Nobody is obliged to bring an old house up to modern standards. If they were, Hampton Court would have been demolished and rebuilt with cavity walls and plastic windows. So you are not obliged to change everything just because it is "not to current standards."
A crackling switch is probably just worn out (spring weak) and can easily be replaced with new. The same with sockets, especially if they show any sign of brown discolouration.
A 1930's house is pretty sure to have been rewired by now, most likely with square-pin sockets and PVC cable. If it was done prior to 1970-ish, the lighting circuits may have no earth connection, so for safety you must only use plastic (not metal) switches and light fittings. Earthing, main bonds and supplementary bonding are probably poor and should be upgraded (fairly simple).
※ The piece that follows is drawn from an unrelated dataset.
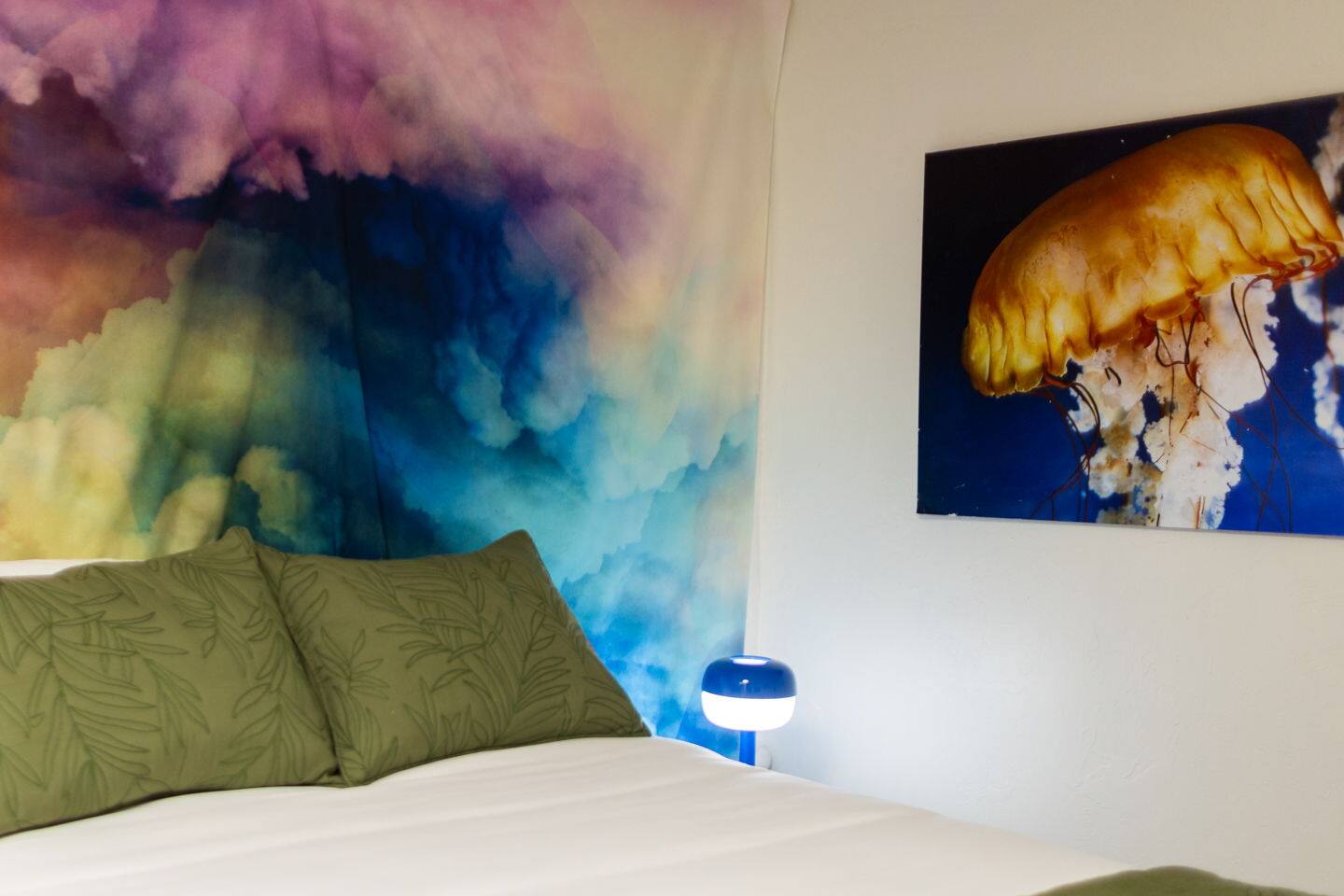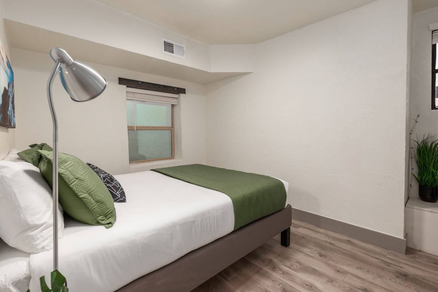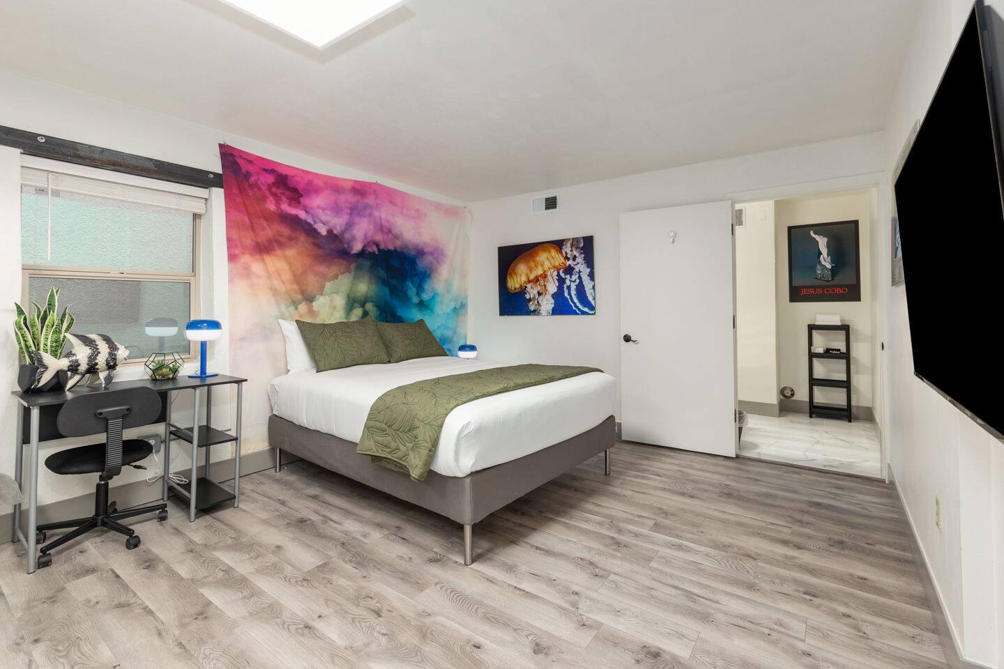 Welcome to "The Loft" – Your Unique Tucson Retreat! Located at the corner of Stone and University, our property boasts a prime central location in the heart of Tucson. This unique, two-story loft is designed to offer you a comfortable and memorable stay. On the first floor, you'll find a vibrant bedroom with a colorful backdrop, an attached full bathroom featuring a walk-in shower, and a convenient washing machine. The second floor features a fully equipped kitchen, perfect for all your cooking needs, a dining area with a cozy table, and a comfortable living room to relax and unwind. You'll also find another spacious bedroom and a unique bathroom setup with a sink and toilet on one side and a shower and sink on the other, each with its own door for added privacy. Additionally, there is an extra toilet and sink on this floor. The layout is ideal for slightly larger groups, offering a closed area concept that ensures privacy. The upstairs bathroom situation is truly unique – nothing like it! The loft is equipped with a fully stocked kitchen, high-speed WiFi, and two spacious bedrooms, making it perfect for both work and leisure. "The Loft" is both unique and welcoming, with beautiful evening light and an authentic city feel. While you might hear the downtown train and West University traffic from the west-facing windows, the room itself is warm and bright. Whether you're here for a college visit, a work-related trip, or just exploring Tucson, our loft offers a great work atmosphere and a convenient respite. We look forward to hosting you and ensuring you have an unforgettable stay in Tucson!

The main problem I anticipate is that you will have too few socket outlets, and may be tempted to use adaptors and extensions. Trailing multi-way sockets are quite good in, say a bedroom or round the TV, where the load is very low. You should not use adaptors or extensions for a washer, drier or dishwasher. If you have an immersion heater the switch is likely to be brittle, so are old light fittings as old filament (incandescent) bulbs used to get very hot. Again they are cheap and easy to change.
Any electrician must (should) be a member of a self-certification scheme (and not be just a "Domestic Installer" which is the lowest grade of qualification). Look on one of the Competent Person websites, which maintain a register of qualified people, searchable by postcode. NICEIC is one example.
Beware of people who offer free surveys. Obviously they have to make a profit and recover the cost of all their free surveys by charging well for any work they find necessary.
An experienced electrician will often know within two minutes of walking through the door if you need a full rewire. But unless it is that bad, it should take about half a day to test and inspect. You want a written report of findings and recommendations. You should expect to pay the correct rate. You can ask for the cost to be allowed against the cost of remedial work that is done shortly afterwards by the same person (ask in advance).
If you have a new consumer unit, all the circuits connected to it will have to be brought up to standard. This may be expensive. I would suggest having a new CU, with RCDs or preferably RCBOs, which is big enough for the whole house, but only connect to it new work, such as a new kitchen circuit, or a new electric shower, or new outdoor lights. That way it is possible to upgrade the installation piecemeal. A recent change requires all new consumer units to be non-combustible (e.g. metal). If anyone offers to sell you a plastic one, show him the door, but you can carry on using an existing one.